The aging Norwegian filmmaker Gustav Borg (Stellan Skarsgård) turns up at the ancestral home (itself a character, through a voiceover early in Sentimental Value) with a new film script he has written, his first in fifteen years, that he wants his daughter Nora (Renate Reinsve), a stage actress, to star in. He also wants the young son Erik (Øyvind Hesjedal Loven) of his other daughter Agnes (Inga Ibsdotter Lilleaas) to be in the film. Nora refuses and Agnes refuses. Gustav fails in his scheme to make his movie instead in English, for Netflix, starring a newly successful American actress, Rachel Kemp (Elle Fanning), who agrees because she's an admirer. Another major health issue arises. But ultimately through a reading of the script things are hashed out.

Not everyone loves Trier's Sentimental Value. Mike D'Angelo, whom I often cite because of the clarity and bluntness of his views, and whose rankings I refer to because of the borderline absurd but nonetheless impressive precision as well as severity of them, currently places Sentimental Value 80th among the 88 for this year he has so far ranked on his site. Peter Bradshaw of theGuardian, whom I also often refer to, calls Sentimental Value "baggy." Well, I don't know how many critics make it number one, but Brother Bro of The Oscar Expert thought it was the most enthusiastically received by the Cannes audience, and the Cannes jurors gave it the number two prize, the Grand Prix. I have some reservations about Sentimental Value (see below). But for me it's got to be one of the year's best. It's about forgiveness, or at least that's one of its main themes. So let's be forgiving of it. My ranking of it among the year's best relates to many things. I love Joachim Trier's films and this is one of the important ones, even if it's not my favorite.

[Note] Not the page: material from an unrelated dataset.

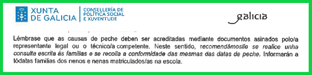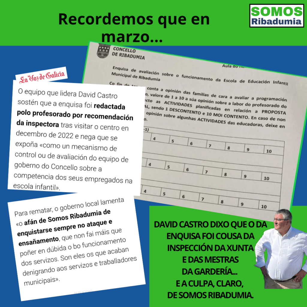 O que non conten o informe da Xunta é ningunha proposta nin recomendación de que se lle manden ás nais e pais enquisas de valoración do profesorado como a enviada o pasado mes de marzo, e tal como asegurou David Castro naquel momento . Si se recomendan enquisas para valorar cales son os mellores días para pechar a gardería, e que non se peche determinadas datas por decreto como se está facendo, cousa eu tampouco se fixo. Así pois, demóstrase que unha vez máis David Castro mentiu ao tentar cargarlle a responsabilidade dos seus feitos a un terceiro, neste caso a Consellería de Política Social, e unha vez máis as súas mentiras quedan demostradas por documentos asinados e con número de rexistro.

To begin with this is a movie that does right what Hamnet gets badly wrong, about ways that artists struggle with their responsibilities as humans and as parents, about how they try to work out their salvation or simply try to understand their lives through their work, but above all simply take the raw material their lives give them in wholly new directions. We don't actually see or hear much of Gustav's new script. But this film ends with filming one scene, a memorable, but now ambiguous one.

The movie doesn't begin with any of this. It begins with a voiceover that talks about the big house Nora and Agnes grew up in, which goes back generations in Gustav's family. His mother committed suicide in this house. Then there is a memorable, agonizing scene about Nora, who evidently is both an excellent actress and suffers from terrible stage fright.

Trier and his regular coscripter Eskil Voit write wonderful screenplays, witty, specific, full of life's "stuff," with extremes positive and negative. Trier's films have been triumphs through the magnificent actor Anders Danielson Lie, and lately, with Renate Reinsve, her breakthrough being Trier's last film The Worst person in the World (2021). Danielsen Lie features in Trier's sparkling debut Reprise (2006), in his gloomy, shattering Oslo, August 31st (2011) and the female-centric, witty The Worst Person in the World, which together have been dubbed his "Oslo trilogy." Trier, always with Eskil Vogt and with these and other great actors, have set out something unique in world cinema that's probably partly also distinctively Norwegian, a vigor, an intelligence, an alacrity for simultaneously taking on both the most challenging aspects and the greatest joys of a life. I saw that in a softer, teen-focused, different format way in the four-"season" 2015–2017 online TV series "Skam," also Norwegian, also set in Oslo.

D'Angelo starts his Patreon-only review with how he "cracked up" at how the reappearing Gustav gifts little Erik DVDs of Irreversible and The Piano Teacher , a gesture as hilarious as it is weirdly imappropriate for a kid, also dated since now, a kid accesses movies without need of DVDs. But Sentimental Value grabs you in other ways besides its humorous, somehow forgiving, picture of how Gustav, who basically wasn't there for the raising of his daughters and now wants to use them, is an asshole and yet we can't really not like him. He's so blatant. He asks Nora to star in his film yet admits he walked out of her most important play; it's funny how he justifies this.

Stellen Skarsgård is selfless and subtle in his handling of the role of Gustav. Renate Reinsve is too. So that matter is Elle Fanning; sho avoids being either gushy about how much she admires this art film director Gustav Borg or overly weepy, though she does weep, when things go wrong. When something is put together well it just plays itself. There is a kind of natural ease, like the renaissance Italian concept of sprezzatura.

When Peter Bradshaw calls Sentimental Value "baggy" he has a point in the whole digression about Gustav's attempt to make his new film in English. It's miraculously but ridiculously produced by Netflix. With everybody Norwegian except the American star, Rachel. She agrees to do it because she admires Gustav so much, especially a film she comes to a revival screening of, that features Agnes as a girl. What Trier and Vogt are trying to say comes close to too complicated, though their humor and typically light touch, as well as the cast's restraint, help to compensate. In the end this is a film about forgiveness that asks us also to forgive it. It's also one of the rare films - despite my Pauline Kael rule that if you watch well once should e enough - that requires multiple viewings and repays them. And you should certainly view it, with the other best films of the year.

Also recommended, another Norwegian film comically about the opposite thing from forgiveness, revenge, Hans Petter Moland's wicked and hilarious 2016 In Order of Disappearance, in which Stellan Skarsgård also has the leading role. Gives you some perspective.

Sentimental Value, 133 mins., premiered at Cannes May 2025, winning the Grand Prix, thereafter seen at many international film festivals including Telluride, Toronto, New York, and BFI London. In theaters now, will be online Dec. 23. Metacritic rating: 86%.